To get to the center of the island, you walk the winding ramp to Piazza Castello, where the town hall sits. Grab a cappuccino at one of the two cafes there, which moonlight as restaurants during peak season from May to October. If caffeine doesn't satisfy you, grab a bottle of wine at one of the local alimentari and sit in the park right off the square for majestic views of the small uninhabited island of Santo Stefano (used to detain Mussolini's adversaries during his rule).
Part of the cluster of islands known as the Pontines, Ventotene - which gets its name from the Italian word for wind, "vento" - lies in the Tyrrhenian Sea just west of the mainland region of Campania.
It occupies less than a square mile, and its history dates to the Roman Empire, when emperors such as Augustus and Tiberius found the island's isolation perfect for banished troublemakers. During World War II, it was used as a listening post by a German garrison before being captured by the Allies in 1943.
During the day, you can sunbathe at one of the three main beaches. Cala Nave is the preferred choice for its accessibility, black volcanic sand and rock outcroppings that make for ideal basking in the intense Mediterranean sun.
Ventotene has become a scuba diving destination because of its lush and mostly undisturbed aquatic life. There are several scuba-diving schools on the island, one of which was erected in the late '70s and is the oldest scuba academy in the whole of Italy. Private and group lessons start at 100 euros.
Ventotene's size makes it perfect for simply setting off and exploring.
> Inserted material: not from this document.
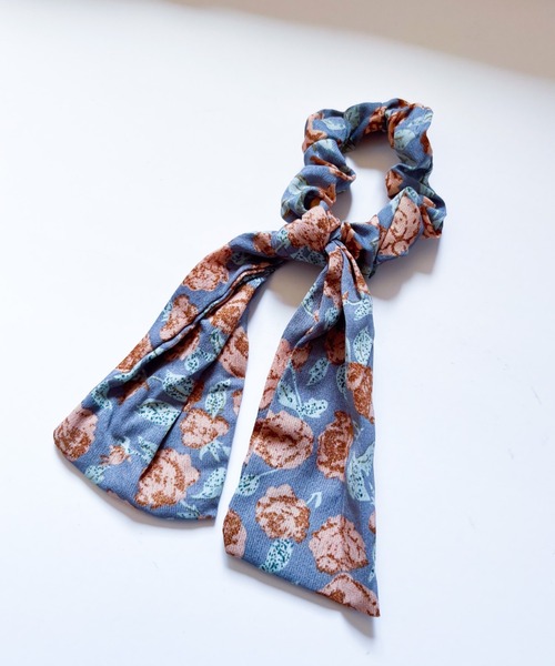 華やかなフラワープリントとリボンスカーフが一体になったシュシュ。
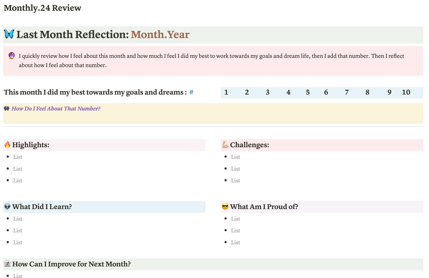 You'll plan your months, break down your goals into a week by week basis and also review and reflect on each month as it ends so you can better plan your next one.

Walking is cheap, and traversing the bright landscape -- which often doubles as cliff's edge because of the island's narrow width -- is rewarding not only for its brilliantly colored vegetation but also for its panoramic views and lack of entry fee.
Lower on the island, discover the chiseled rocks pockmarked by saline (little crevices used to collect fresh salt water in ancient times) and the sea caves down by the port where transparent pools often act as windows into the astonishing marine life that surrounds the island.
If you're looking for something a little less nature-oriented, there are two museums. Villa Giulia -- which is less enclosed museum than outdoor relic -- is the ancient remains of a structure that housed/imprisoned Emperor Augustus' daughter, Giulia, who was exiled there for her promiscuity and immorality. The other is the Archeological Museum, which in its more standard presentation holds many artifacts that have been uncovered on the island over the years.
Unlike its more frantic (by Italian standards) and popular southern neighbors, Ischia and Capri, Ventotene has barely been touched by international tourism. The hotels are affordable, and the food isn't overpriced. Today, it's home to a year-round population of about 600. That number skyrockets during the summer months, especially in August, when it seems that every Italian heads to the seaside, or September, when the Festival of Saint Candice (Festa di Santa Candida) turns the island into one extended party.
Ventotene's real appeal isn't in its breathtaking 360-degree sea views, its clear, clean water or even its architecture and people. There are other places in Italy just as stunning. Its charm is in the sense you get that you're experiencing something not discovered by the tourists who flock en masse to the rest of Italy year-round.